Presence of recall bias has been shown already one hour after an experience (10), and Broderick et al. have shown that correlations between momentary ratings and retrospective ratings of pain and fatigue gradually decline as recall increases from one day to three and seven days, indicating that recall bias is less prominent for shorter recall periods. However, this was not without ambiguity since correlations were higher for 28-day recall compared with 7-day recall (13).
The thyroid-related patient-reported outcome measure ThyPRO (14) has become the gold standard for measuring thyroid-related quality of life (15) and uses a 4-week reference period. We have previously shown that retrospective ratings and momentary ratings provide different results and should not be used interchangeably (16): for the four tested scales, retrospective ratings were higher on average (i.e., indicating more symptoms) than mean momentary ratings. This finding is in line with other studies on pain and fatigue (9,13,17,18). It remains to be elucidated whether the retrospective recall period can validly be shortened for ThyPRO, and if so, if a shorter recall period reduces recall bias.
This study aims to investigate whether a 1-week recall period is superior to a 4-week recall period in terms of recall bias. For this purpose, we hypothesized that averaged momentary ThyPRO ratings were the true mean of patients' symptoms and compared mean differences and correlations between corresponding ratings with a 1-week version of the ThyPRO (ThyPRO-1W) and the original 4-week ThyPRO (ThyPRO-4W).
Methods
Participants
The present study is a continuation of a previous study of patients newly diagnosed with thyrotoxicosis, including Graves' disease, toxic nodular goiter, subacute thyroiditis, and drug-induced thyrotoxicosis (16). Patients were included between September 2014 and September 2018 from endocrine outpatient clinics at four Copenhagen University Hospitals: Rigshospitalet, Gentofte, Herlev, and Bispebjerg. Patients were eligible if they were at least 18 years of age, understood Danish, had serum thyrotropin (TSH) concentrations <0.1 mIU/L within the last month, and underwent or were scheduled to undergo treatment for thyrotoxicosis (antithyroid drugs, radioiodine, or surgery). If treatment had already been initiated, patients had to have elevated free thyroxine levels (fT4; reference range 10.0–22.0 pmol/L) in addition to a TSH <0.1 mIU/L, as a marker of current disease activity. Exclusion criteria were pregnancy and major comorbidities suspected to impact quality of life substantially (e.g., cancer or congestive heart failure). Eligible patients were initially contacted by phone, and patients interested in participation received written information via e-mail.
Assessment of PROs
The ThyPRO survey assesses HRQoL in patients with benign thyroid disease. It consists of 13 multi-item scales and 1 single-item scale. Each scale ranges from 0 to 100, with higher scores indicating more symptoms or more impact of thyroid disease. The original ThyPRO uses a 4-week recall period (hence, it is denoted as ThyPRO-4W in the present study). Due to the wording and retrospective nature of ThyPRO items, the 4-week recall period could be substituted with a 1-week recall period without any difficulty to construct a ThyPRO with a 1-week recall period (denoted as ThyPRO-1W). A momentary version of ThyPRO was previously developed, consisting of 12 items from four different scales (Hyperthyroid Symptoms, Tiredness, Anxiety, and Emotional Susceptibility) (16,19).

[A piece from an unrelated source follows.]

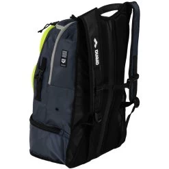 This bag has a 40 litre capacity, measuring 55 x 40 x 30 cm. The breathable inner compartments keep moisture under control. Fit gear like kickboards in the spacious back section, and up to two pairs of shoes in the bottom compartment. The shoulder straps are padded for comfort and have a front chest buckle for extra stability. The side pockets keep water bottles and other essentials accessible. Hang inside a locker with the karabiner hook.

Momentary ThyPRO (ThyPRO-EMA [ecological momentary assessments]) ratings were collected for 28 days via a smartphone app (“EMA-P1”). Participants who owned an Android smartphone installed the app on their device, while patients without an Android smartphone borrowed one. The app featured repeated auditory prompts three times daily at semi-randomized time points notifying participants to complete a survey within the app. All 12 items were asked each time. If a notification occurred at an inconvenient time, the survey could be postponed, which would silence additional auditory prompts. From the time of notification, the survey remained open for completion for one hour only, until removed. The app enabled adjustment of the diurnal rhythm from day to day, to ensure that every waking hour was represented. The app was integrated with a trial management system, PROgmatic (20), which enabled automatic distribution of retrospective questionnaires via e-mail and daily monitoring of response rates. The system recorded time and date of each data entry in the app.
On day 7, 14, 21, and 28, participants received an electronic ThyPRO survey via e-mail containing the same 12 items, but with a 1-week recall period (ThyPRO-1W). On day 28, an additional electronic ThyPRO survey with a 4-week recall period (ThyPRO-4W) was administered. Thus, the 28-day study period was covered by three different measures illustrated in Figure 1.

Overview of the four-week study period covered by three different measurement modalities: Momentary ratings (ThyPRO-EMA), retrospective ThyPRO-1Ws, and a retrospective ThyPRO-4W. The figure is constructed with hypothetical data for illustrative purposes. ThyPRO-1W, 1-week ThyPRO; ThyPRO-4W, 4-week ThyPRO; EMA, ecological momentary assessments.
Data analysis
Response rates of ThyPRO-EMA were calculated (completed notifications/amount of notifications in total). Participants with response rates below 35% were excluded from further analysis. Only retrospective ratings completed within the same day of administration or the following day were included in the analyses.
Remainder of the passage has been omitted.